I love math. There is such a beauty in the non-subjective way that there can be only 1 right answer. I'm enjoying teaching my children that there are many ways to tackle a problem and all result in the same answer. As an FPGA developer there is a similar love of the determinism that environment provides. There is a reason for every change in state and event that occurs. Even if that reason may be frustratingly difficult to determine sometimes.
But in the world of DSP, the exact nature of math can begin to break down. Floating-point and fixed-point numbers are approximation of real-world values. The resolution of these numbers and the methods used in the conversions can add a layer of ambiguity. Make no mistake, the rules of math are not suddenly becoming debatable, just added conversions add before unaccounted for steps in the process.

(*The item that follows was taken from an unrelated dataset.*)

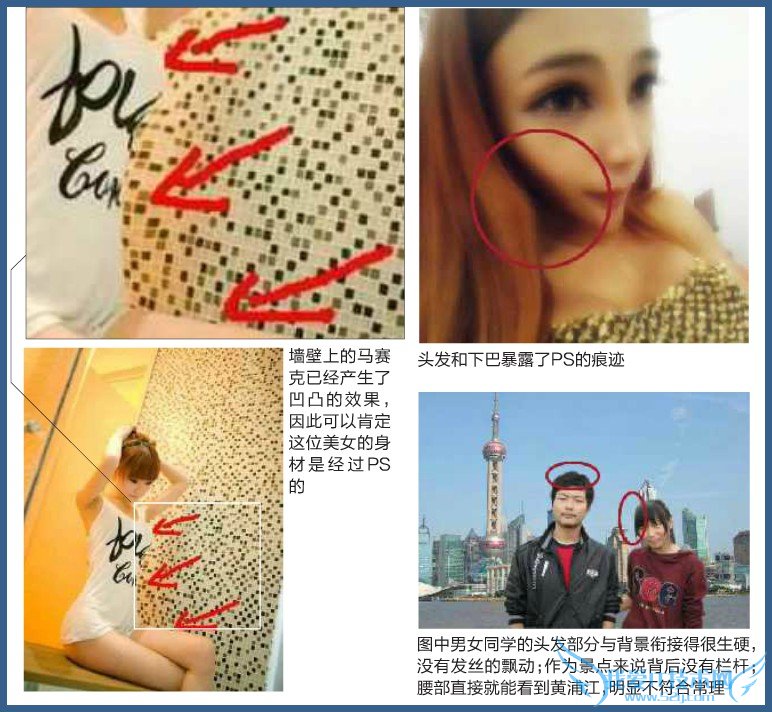 人体PS。时下各大论坛、微博流行“瓜子脸”(很多都是用“液化”工具PS的,这个工具的作用是修改物体的轮廓,例如将人脸往里推就会形成瓜子脸),可我们亚洲人哪有这么多瓜子脸、大眼睛的姑娘呢?很可能她们的照片是被PS过的一一我们可以从头发、下巴和周围的背景来发现破绽。例如,下面右上角图中这位瓜子脸美女,她的下巴太尖了,超出正常人的范围了;右边的头发已经被液化工具扭曲变形,从这位美女的整体发型判断,应该是长长的直发,而不是波浪发。

This changes the ability to tackle a problem in multiple ways and regardless of method selected, get the exact same answer. For example, take an FFT operation on a collection of double-precision floating point numbers. The resolution of a double is very high but still has a limit. An operation that takes two doubles in and produces a double still has to produce a result that is resolved into the proper format and not a real world number. This rounding (or other) process changes the result, even if just slightly. During the FFT process there are various stages of multiplication and addition. Two different implementations of the algorithm might do the operations in two separate but equivalent orders. Each operation will require its own conversion of the results to doubles. This will result in slightly different double values in the process. The result of the two will match until you get deeper and deeper into resolution where they will deviate. This difference will be more noticeable as the number of bits is reduced, as is the case in fixed-point implementations.
So the task of unit testing is now not as straightforward. We cannot simply verify that our fixed-point FPGA algorithm produces the exact same number as the floating-point host model. How do we quantify that the results are acceptable? There are many different approaches used and selection can be based on the type of algorithm. Some common approaches:
- Results are within +/- 1 LSb
- Compare SNR of model and FPGA
- Statistical analysis of resulting distribution (i.e. histograms)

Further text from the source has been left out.